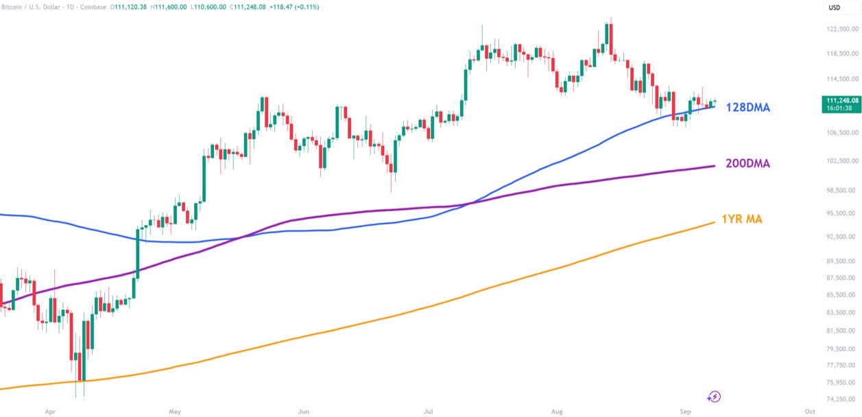 Why? BTC has managed to reclaim the 128-day moving average after briefly dropping below it last week. We have discussed in recent weeks how this moving average could be a key support level. So far, that is playing out.
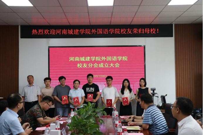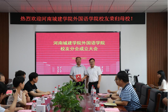 杨毅宣读了外国语公司员工分会成立批复并为员工分会会长、常务副会长、副会长和秘书长颁发聘书,张换成为员工分会常务副秘书长、副秘书长颁发聘书。
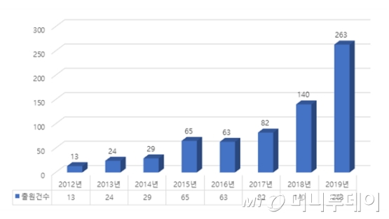 중소기업 출원은 2017년 누계 기준 15건에 불과했지만 2018년 20건, 2019년 50건으로 최근 2년 동안 출원량이 급격히 증가하고 있다.

════════════════

__The problem__
Set the lines down exactly as they stand, from the one containing "杨毅宣读了外国语公司员工分会" through the end of the listing, omitting every picture.

__Reply to the task__
 杨毅宣读了外国语公司员工分会成立批复并为员工分会会长、常务副会长、副会长和秘书长颁发聘书,张换成为员工分会常务副秘书长、副秘书长颁发聘书。
 중소기업 출원은 2017년 누계 기준 15건에 불과했지만 2018년 20건, 2019년 50건으로 최근 2년 동안 출원량이 급격히 증가하고 있다.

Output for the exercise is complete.